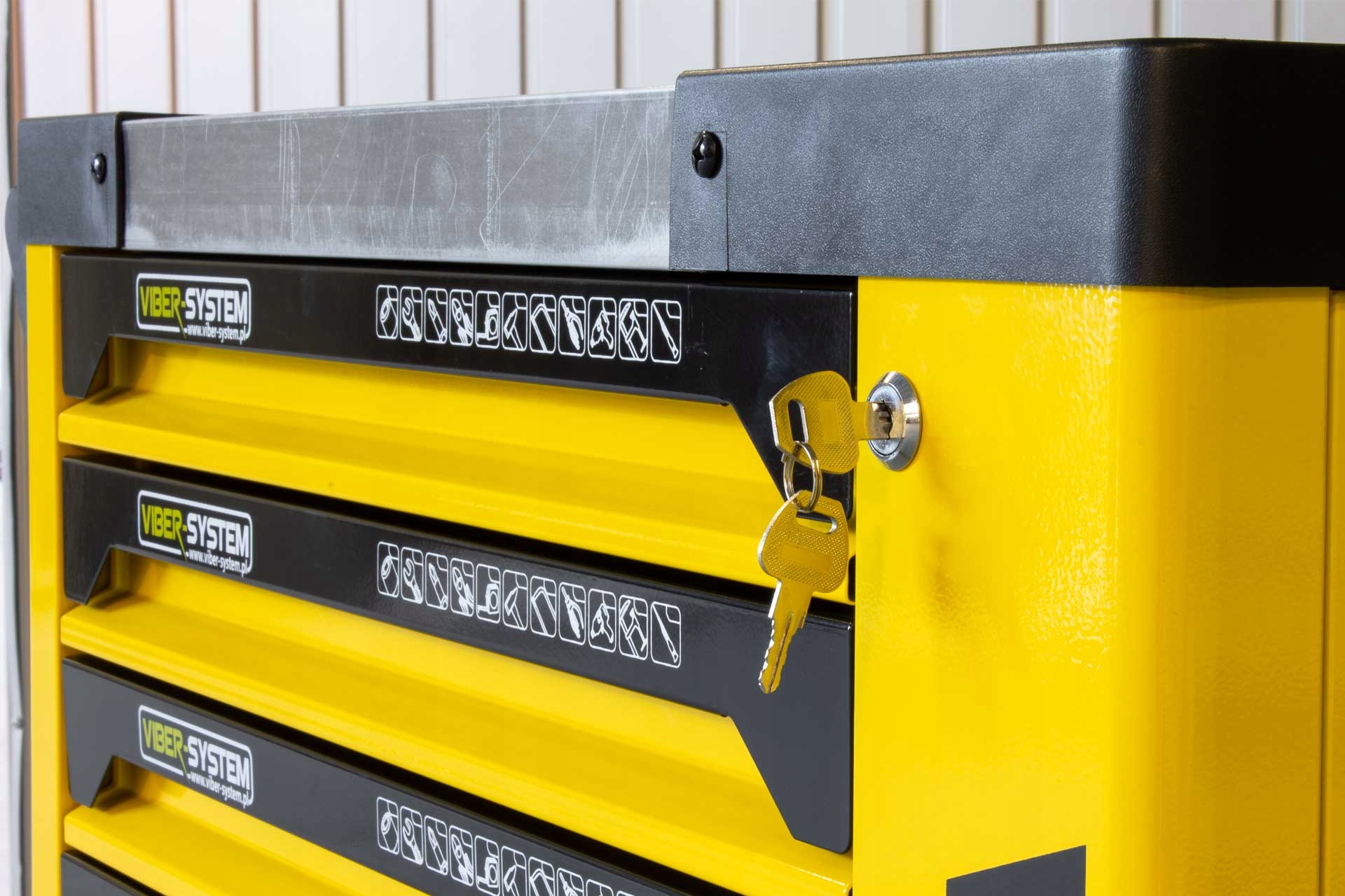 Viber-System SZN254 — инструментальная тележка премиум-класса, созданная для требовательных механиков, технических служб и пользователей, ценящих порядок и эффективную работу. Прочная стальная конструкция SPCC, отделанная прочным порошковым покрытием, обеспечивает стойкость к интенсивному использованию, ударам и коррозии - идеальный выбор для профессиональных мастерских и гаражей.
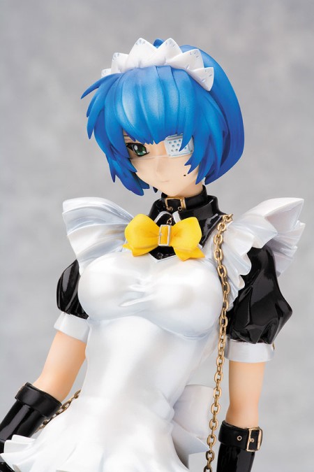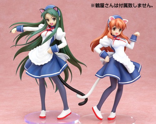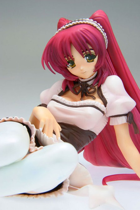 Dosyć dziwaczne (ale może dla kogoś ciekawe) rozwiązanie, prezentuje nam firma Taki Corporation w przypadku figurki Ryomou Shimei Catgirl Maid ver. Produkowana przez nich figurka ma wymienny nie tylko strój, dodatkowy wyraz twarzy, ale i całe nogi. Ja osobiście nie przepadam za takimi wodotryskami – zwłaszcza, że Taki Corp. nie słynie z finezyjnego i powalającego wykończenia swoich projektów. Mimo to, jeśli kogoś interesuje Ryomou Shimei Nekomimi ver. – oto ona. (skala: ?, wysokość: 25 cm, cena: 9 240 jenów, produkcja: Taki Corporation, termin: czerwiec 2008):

...

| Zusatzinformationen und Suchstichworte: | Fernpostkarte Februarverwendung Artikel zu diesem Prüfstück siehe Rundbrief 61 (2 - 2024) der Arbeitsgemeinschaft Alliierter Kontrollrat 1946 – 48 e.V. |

...

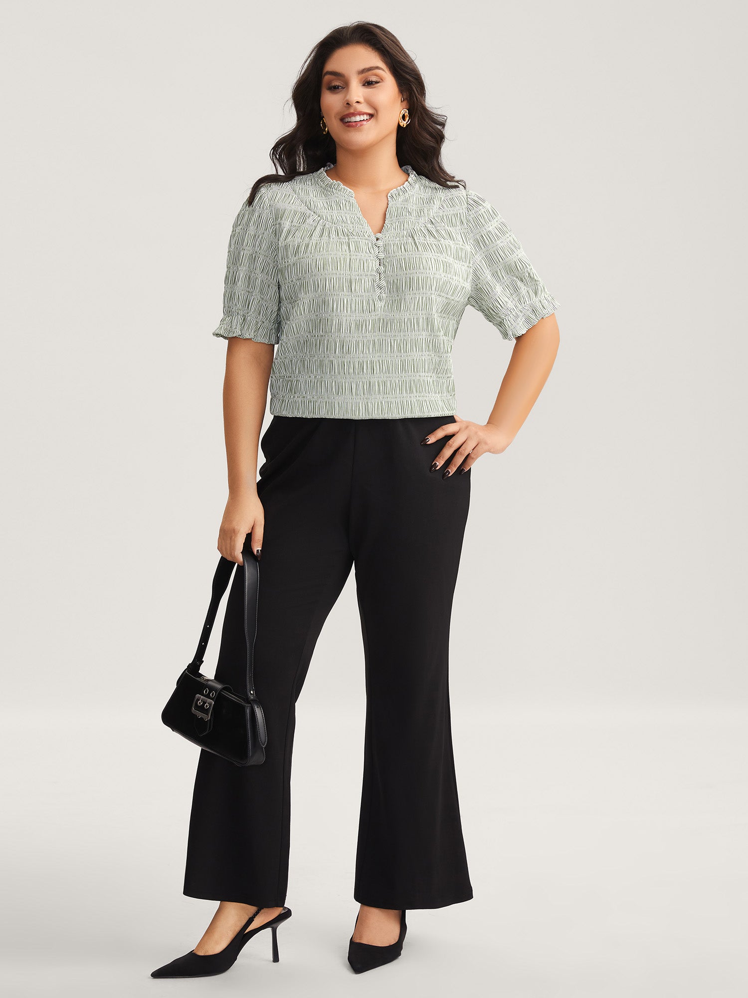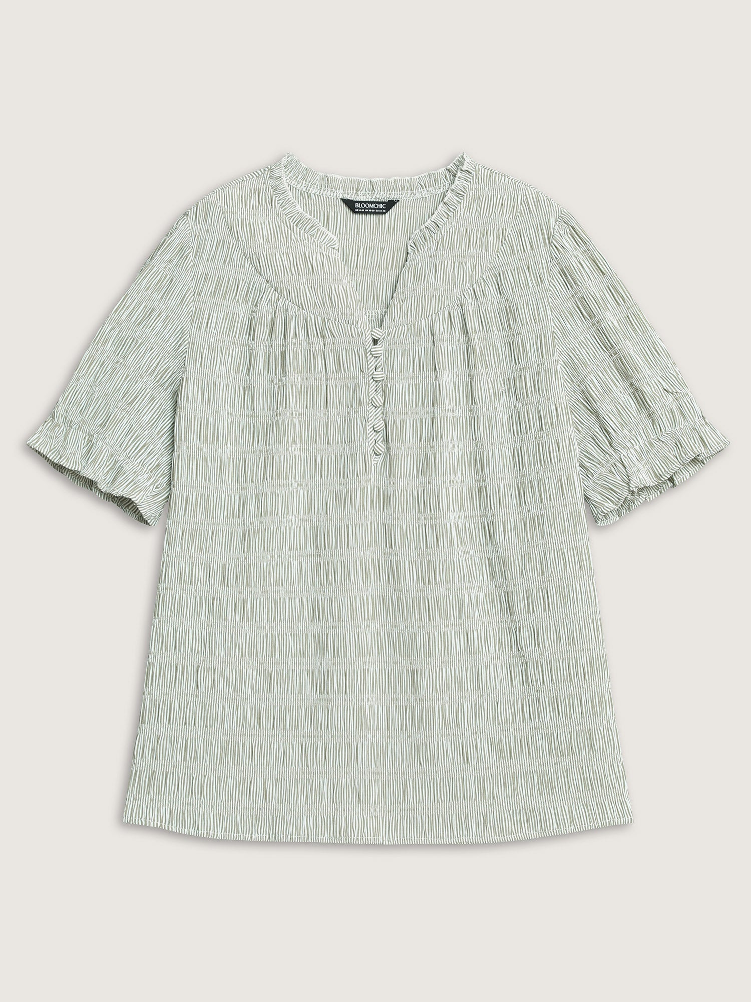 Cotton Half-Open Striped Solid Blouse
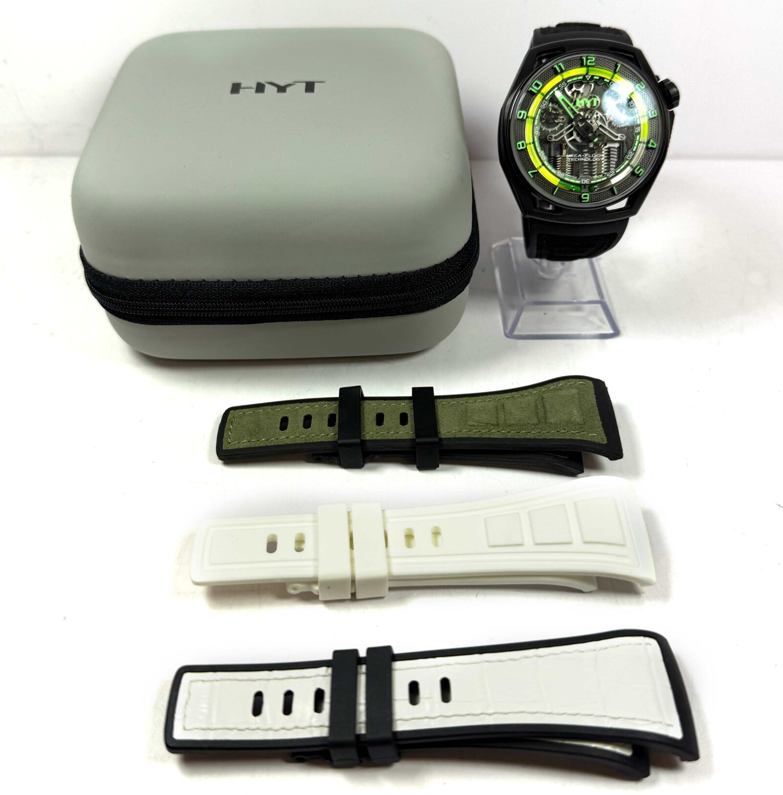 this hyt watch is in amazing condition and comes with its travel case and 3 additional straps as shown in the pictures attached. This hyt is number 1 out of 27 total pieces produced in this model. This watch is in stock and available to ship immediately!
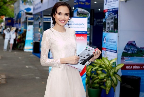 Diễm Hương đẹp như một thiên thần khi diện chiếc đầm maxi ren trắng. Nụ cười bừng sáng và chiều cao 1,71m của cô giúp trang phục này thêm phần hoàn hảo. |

### Work to be completed
Because only one stretch of the records is wanted, please output the lines from the one holding "Cotton Half-Open Striped Solid Blouse" through the one holding "this hyt watch" exactly, both included, and leave every picture out.

### Task response
 Cotton Half-Open Striped Solid Blouse
 this hyt watch is in amazing condition and comes with its travel case and 3 additional straps as shown in the pictures attached. This hyt is number 1 out of 27 total pieces produced in this model. This watch is in stock and available to ship immediately!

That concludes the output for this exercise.